Well, u have already got a relation involving speed... u urself posted it above.. think on that equation.

 

[klm]

well i think the centripetal force will act on M1 and the force is provided by M2, since it is kind of pulling it down. but i don't understand what i am suppose to do next. i don't know what formula to use..

 

[klm]

F=m V^2/r ? so i know the force acting on it is M1..? so square root (Fx r) = v? i don't know?

 

[Kurdt]

I practically told you what you have to do. I'll make it clearer. Equate the weight of m₂ with the centripetal force.

 

[klm]

i appreciate you trying to help me, but it is pretty obvious i am confused and don't understand what to do

 

[saket]

hmm.. here is a good news: all formula reqd. for this problem have already been quoted in the threads above, u don't need anymore! :)
and ya, one more thing.. u r right that, it is because of m_2, that m_1 has a tendency to be dragged towards the hole.. but it can help (and this approach generally helps while solving dynamics problems).. if u think in this line: m_2 is being pulled upwards by the tension in the string (and not exactly m_1) and m_1 is being dragged towards the hole by tension in the string (and not exactly m_2)!

 

[Kurdt]

You have m₁ which is attached to m₂ by some string. The weight of m₂ (i.e. $W=m_2g$) is acting on m₁ via the string. What you're asked to do is find out how fast you need to rotate m₁ so that its centripetal force cancels the weight of the first mass m₂.

Is that any clearer?

 

[saket]

basically, i m trying to break the whole system in two different (although, related through tension) sub-systems.

 

[klm]

okay i think i am understanding. this may be a dumb question but i have to make sure, the centripetal force is acting on m1 correct?

 

[klm]

saket- i understand the way you explained it about m2 being pulled up and m1 being pulled down. so does that mean the tension in both are the same then?

 

[klm]

so for m2 , would this be correct or necessary : Fnety= T - W = m V^2/r , T-mg=mV^2/r

 

[saket]

centripetal force, by definition, is cocerned with circular motion, and not linear motion. [For linear motion, m.(v^2)/r, as r tends to infinity.. centripetal force tends to zero!]

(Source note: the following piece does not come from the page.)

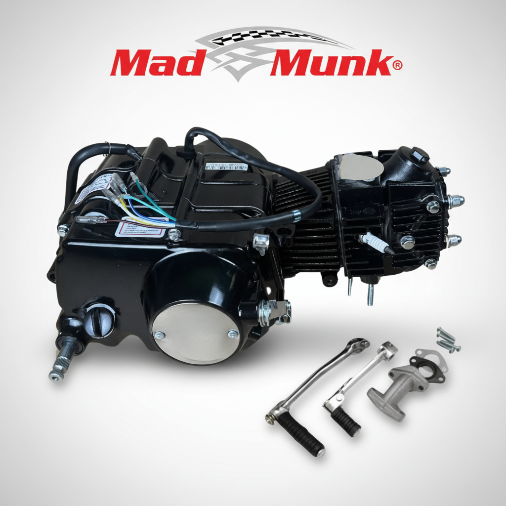 ✔ Embrayage manuel ✔ 4 vitesses (schéma de changement: 1-N-2-3-4) ✔ Système d'allumage CDI 12V ✔ Démarrage par kick uniquement (pas de démarreur électrique)✔ Version robuste noire

Yes, tension in both should be same -- that comes basically from frictionless table.

 

[ineedhwhelp]

i don't mean to interrupt but i need help 2 please.

 

[saket]

For m_2, its radius of curvature tends to infinity (it can only move up-down => linear motion), therefore as explained above, centripetal force for m_2 is zero! Here it also true, because, v = 0 for m_2. (It is at rest, right?)

 

[Kurdt]

i don't mean to interrupt but i need help 2 please.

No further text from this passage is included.